Nonetheless, you have now reached the state of the art of the late 1980s when fully connected deep networks were the method of choice for neural network modeling. Our next conceptual step will be to consider images. Before we do so, we need to review a number of statistical basics and details on how to compute models efficiently.
5.2.4. Exercises¶
Change the number of hidden units
num_hiddens
and plot how its number affects the accuracy of the model. What is the best value of this hyperparameter?Try adding a hidden layer to see how it affects the results.
Why is it a bad idea to insert a hidden layer with a single neuron? What could go wrong?
How does changing the learning rate alter your results? With all other parameters fixed, which learning rate gives you the best results? How does this relate to the number of epochs?
Let’s optimize over all hyperparameters jointly, i.e., learning rate, number of epochs, number of hidden layers, and number of hidden units per layer.

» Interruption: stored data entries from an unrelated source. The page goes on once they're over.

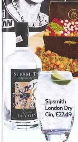
Sipsmith London Dry Gin, £27.49
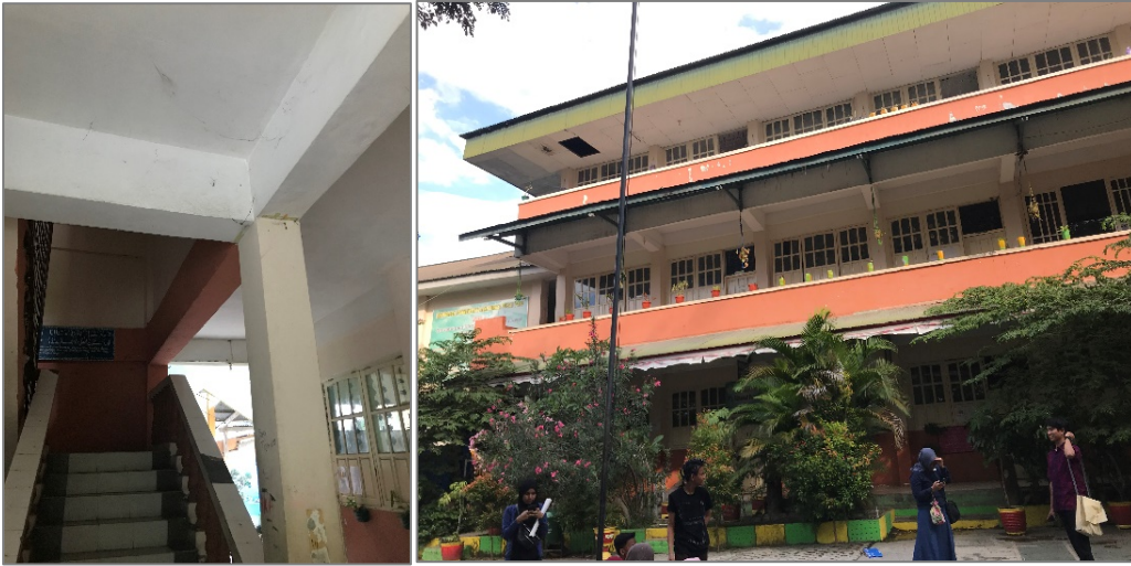
Figure 11. MTS Alkhairaat Pusa Palu School. Left – 3-torey RC frame building that sustained minor damage to infill panels. Right – Typical sizes of beams and columns in RC frame schools.
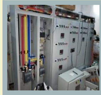
Protection Panel Testing Service
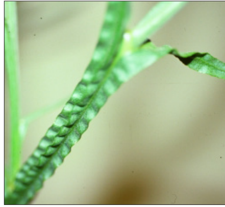
FIGURE 3. Flattened or winged stems.
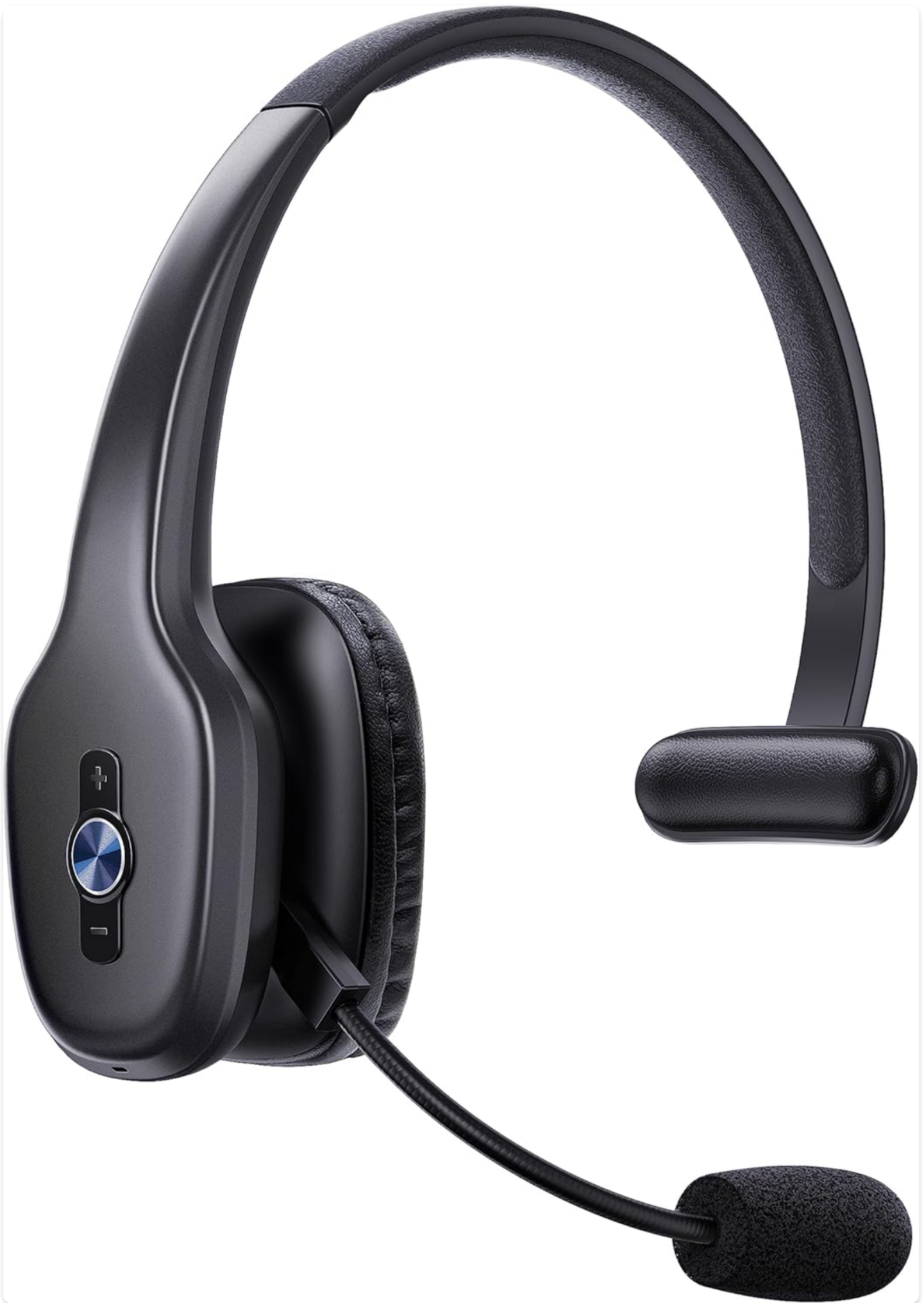
Figure 2.1: Gixted Bluetooth Headset H1. This image displays the overall design of the headset, highlighting its sleek black finish and the integrated microphone arm.
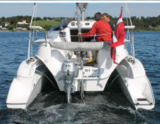
Easy to maneuver and high stability even folded.
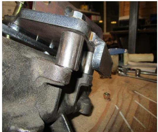
Figure 5 (2)
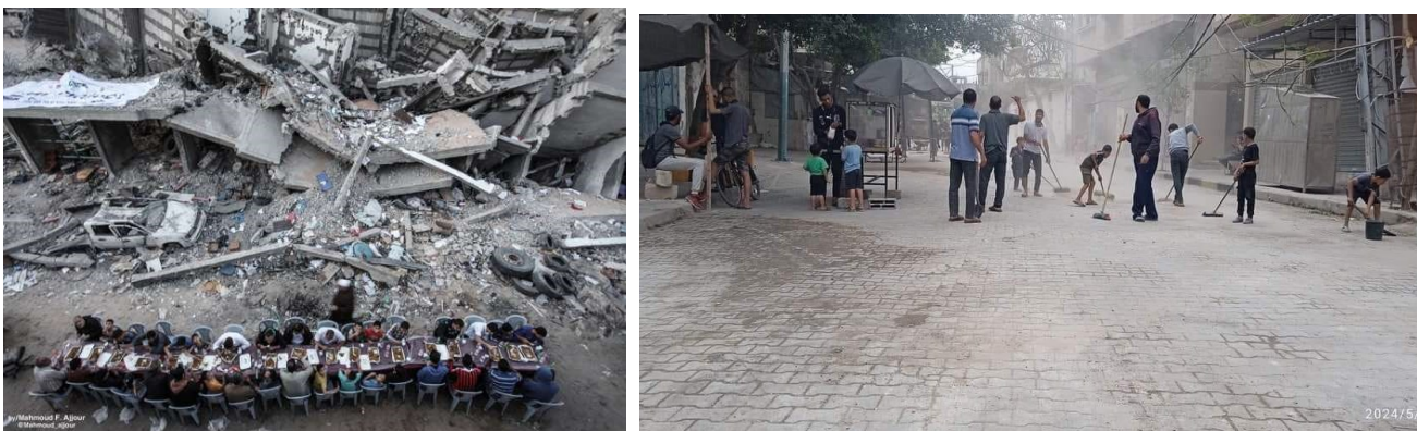
Figure 13. Ramadan Iftar photo by photographer Mahmud Accur on the ruins of the neighborhoods destroyed by the occupation

In addition, the collective life of Gazans continues not only as individuals, but also in groups, starting from the smallest and the largest family, to the children of the family, passing through the neighborhood and the local people, until they belong to the city. As Amin Maalouf describes, all of these loyalties are important and manifest in Gazans' relationships with each other. This situation deepened further during the month of Ramadan, which the people of Gaza had a difficult time with, but they were able to live together as members of a single tribe and group, as can be seen from the collective iftar served on the ruins of the building in the picture below. We see this in the mass iftar dinners, which are one of the most important Ramadan traditions of Gaza and strengthen social relations, emphasizing that everyone is a brother and a family, that there is no difference between rich and poor, on the contrary, they are all the same. We see an example of a similar solidarity in the two pictures below; The picture on the left shows the cooperation of local residents in clearing the Shujaiya neighborhood on the northern side of the Gaza Strip, which was one of the first areas bombed at the beginning of the war, as pointed out by Nur Naim, one of Gaza's influential figures.
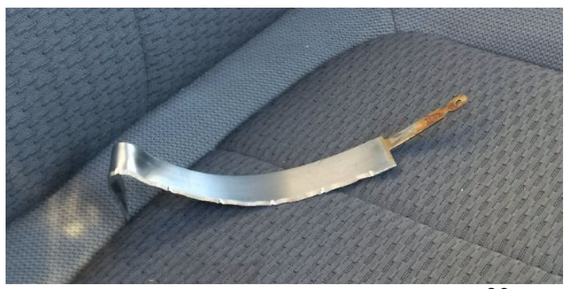
- 30 -
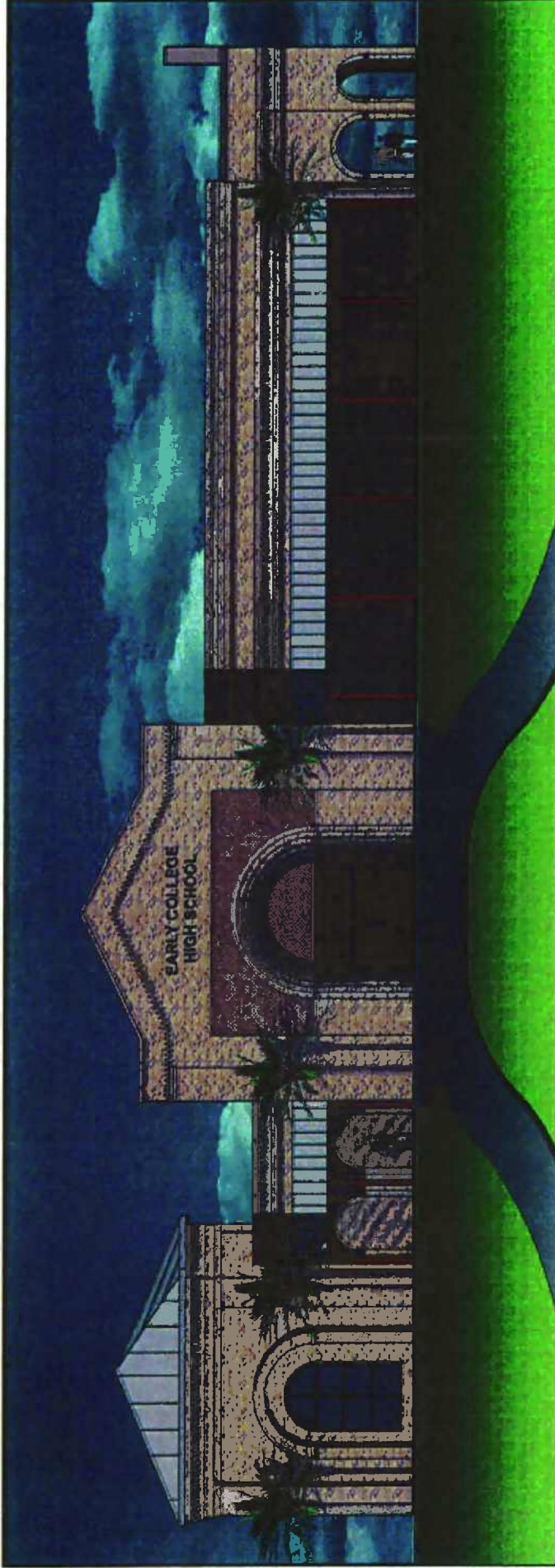
MAIN ENTRY ELEVATION (EAST SIDE)
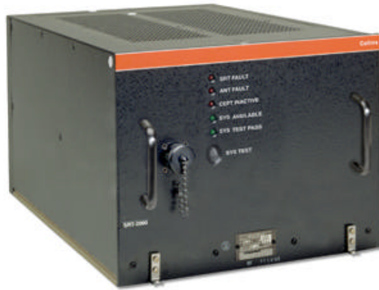
Figure 1.1 SRT-2000 Satellite Transmitter/Receiver

The SDU function of the SRT-2000 is the interface to all other aircraft systems. It contains all data processing functions, modems and channel tuning synthesizers including a voice CODEC (coder-decoder) and synthesizer pair for each voice channel.
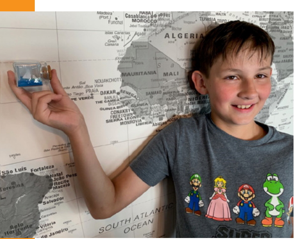
A young library patron shows off his ship-in-a-bottle DIY, a tricky origami challenge included as part of the Summer Reading Program registration kits made available to families.

The Cultural Services Division strategically manages and strengthens Lambton County's collections and associated research, developing and enhancing the important museum, gallery and library collections entrusted to the County.
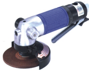
MAGW-40 4\"(100mm) Grinder
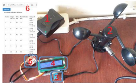
Figure 2. Wind speed monitoring tool with an anemometer, measuring temperature and humidity using DHT11 sensor and SIM800L module based on ATmega328 microcontroller

The functions of the section in Figure 4.1 are as follows.
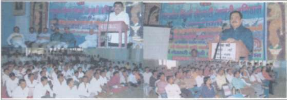
मा. ना. श्री. नितीनजी गडकरी, परिवहन व रस्ते विकास मंत्री, भारत सरकार शेतकरी बांधवांना मार्गदर्शन करतांना
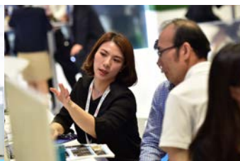
Exhibitor Presentation Programme
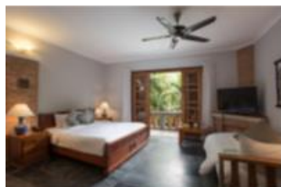
Pilgrimage Villa Resort & Spa Superior Room
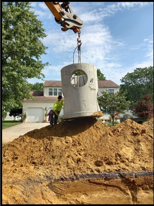
Photograph 5 – Preparing 5' Diameter Manhole for installation.

Department of Public Works Charles J. DePalma Complex 2311 Egg Harbor Road Lindenwold, NJ 08021 Phone 856.566.2980 Fax 856.566.2988 highway@camdencounty.com CamdenCounty.com
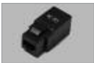
Unshielded Cat5e Panel Mount RJ-45 Modular In-Line Coupler Wired Straight for Data Applications.
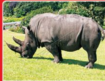
गैंडा RHINOCEROS Eats Grass गैंडे
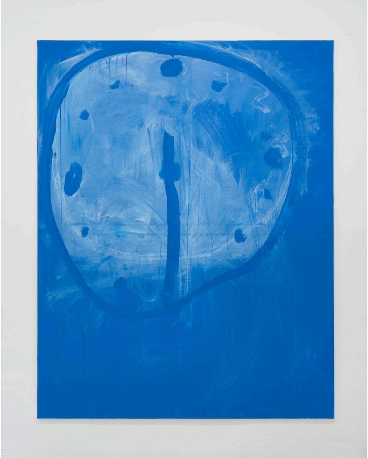
Magnus Frederik Clausen. Halfpasttwelve (Zoë) , 2021. Acrylic on primed linen. 191 × 150 cm
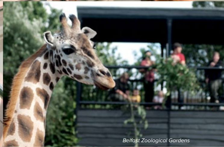
Belfast Zoological Gardens
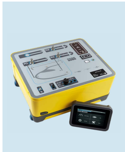
ADTS 5XX Series
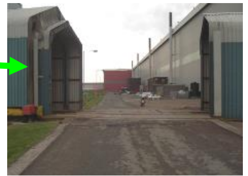
Do not drive through until the doors have stopped moving. Be aware of oncoming traffic.
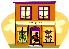
"Tiques & Treasures"
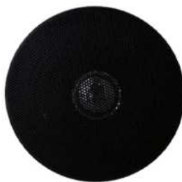
Bluetooth * :BT SPEAKER
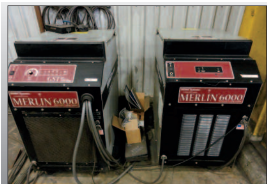
THERMAL DYNAMICS 6000 MAXIMIZER CUTTING SYSTEMS
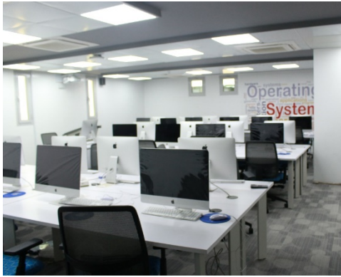
Operating Systems Lab
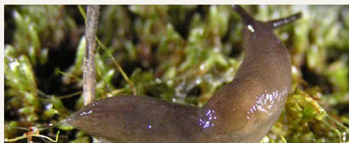
Marsh slug ( Deroceras laeve ); 25mm long. PEST: Yes (all crop types)
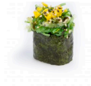
GUNKAN Wakame Goma Vegetariano 2 Pz.
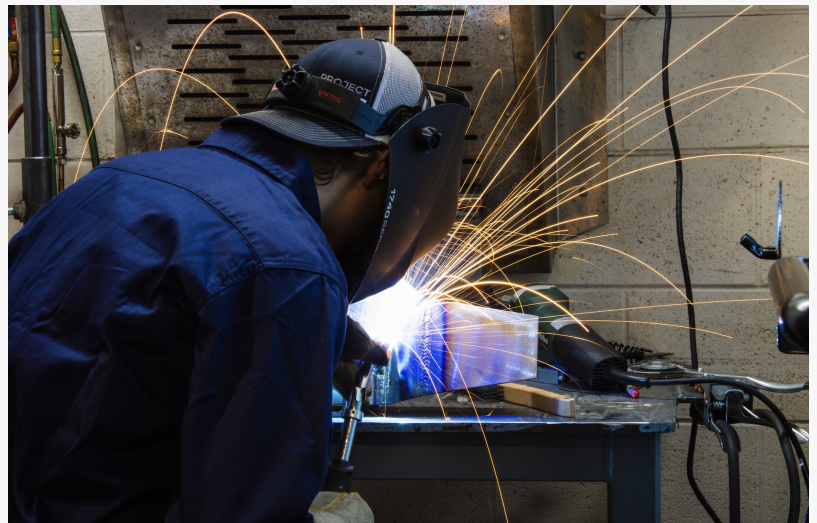
Maritime Competitor working on a project
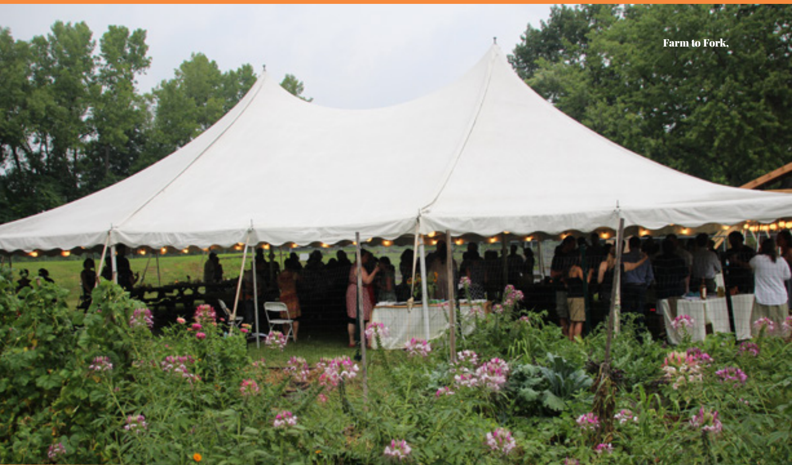
Farm to Fork.
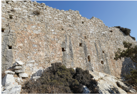
Figure 6. Masonry type 3. D on fig. 2.
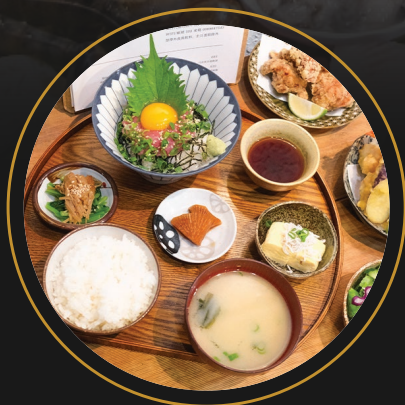
Rustic Japanese Set 日本乡村风味
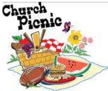
2nd Annual Summer Kick-off CHURCH PICNIC Sunday, June 30 th See Page 3
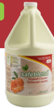
Tangerine oil NCTOG04 – 4 x 4 L
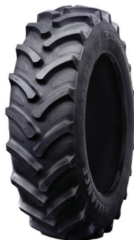
FarmPRO 85 Radial
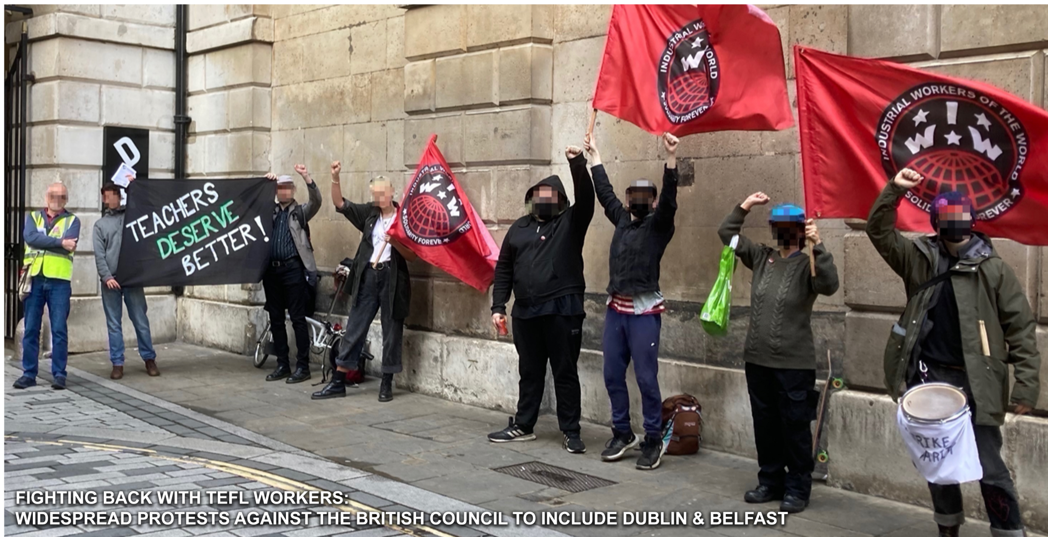
FIGHTING BACK WITH TEFL WORKERS: WIDESPREAD PROTESTS AGAINST THE BRITISH COUNCIL TO INCLUDE DUBLIN & BELFAST

The TEFL Workers' Union is again in dispute with the British Council and their outsourcing agency, Impellam, over the alleged dismissal of a whistleblower. The union alleges that the worker was fired after raising health and safety concerns related to the scheduling system.
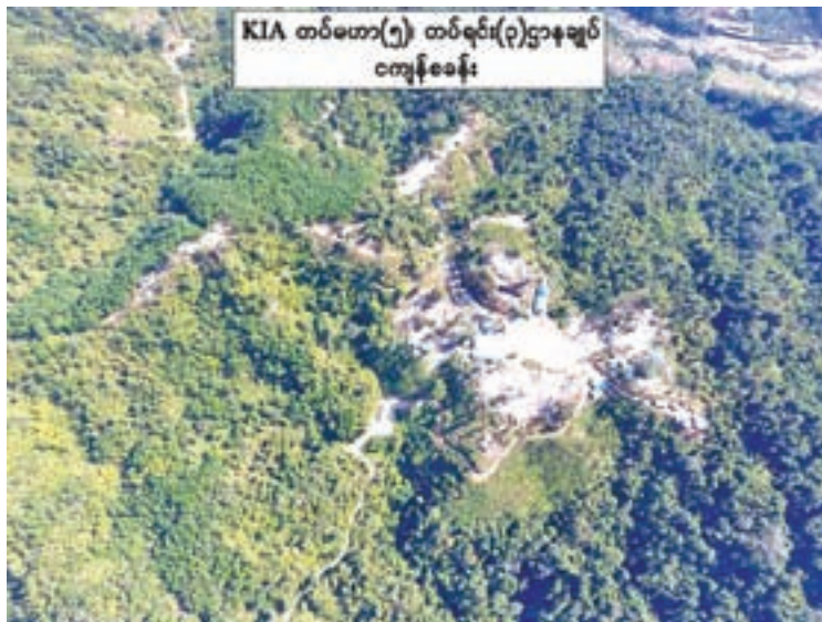
KIA battalion headquarters.

COLUMNS of Tatmadaw troops occupied three KIA strongholds including the headquarters of Battalion (3) of Brigade (5) yesterday morning. After taking over Gidon post, 768 Laiphong camp and outposts nearby of the KIA during December 2016 and January 2017, Tatmadaw troops launched operations on three KIA posts including Ngakyan Camp, the headquarters of Battalion 3 of the KIA from 10 to 12 January before occupying them. Tatmadaw troops seized some bodies, four assorted weapons, 1500 rounds of ammunition, 600 catridges and 50 shells while some members of security forces sacrificed their lives for the country. —Myanmar News Agency
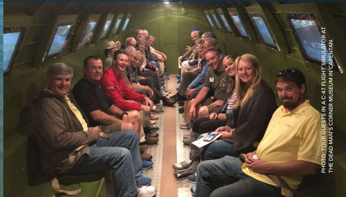
PHOTO: TOUR GUESTS IN A C-47 FLIGHT SIMULATOR AT THE DEAD MAN'S CORNER MUSEUM IN CARENTAN.
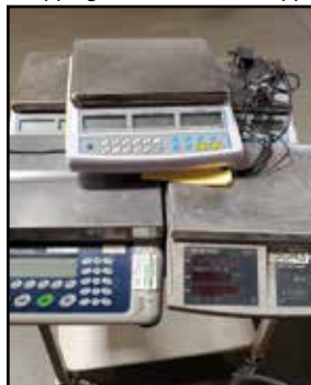
(5) METTLER TOLEDO & AE ADAM Digital Scales
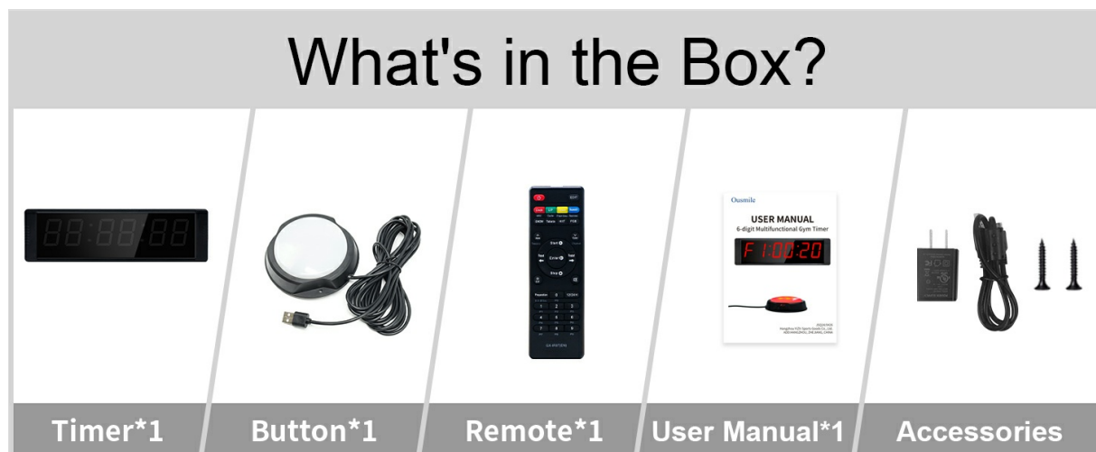
Image: Digital timer connected to power.

outlet. The LED display will illuminate upon successful connection.
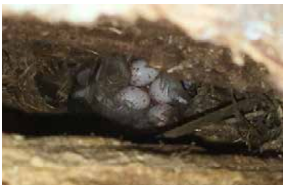
Brown Creeper Eggs

What is the best result you can get by optimizing over all of them?
Why it is much more challenging to deal with multiple hyperparameters?
Describe an efficient strategy for optimizing over multiple parameters jointly.
Compare the speed of the framework and the from-scratch implementation for a challenging problem. How does it change with the complexity of the network?
Measure the speed of tensor–matrix multiplications for well-aligned and misaligned matrices. For instance, test for matrices with dimension 1024, 1025, 1026, 1028, and 1032.
How does this change between GPUs and CPUs?
Determine the memory bus width of your CPU and GPU.
Try out different activation functions. Which one works best?
Is there a difference between weight initializations of the network? Does it matter?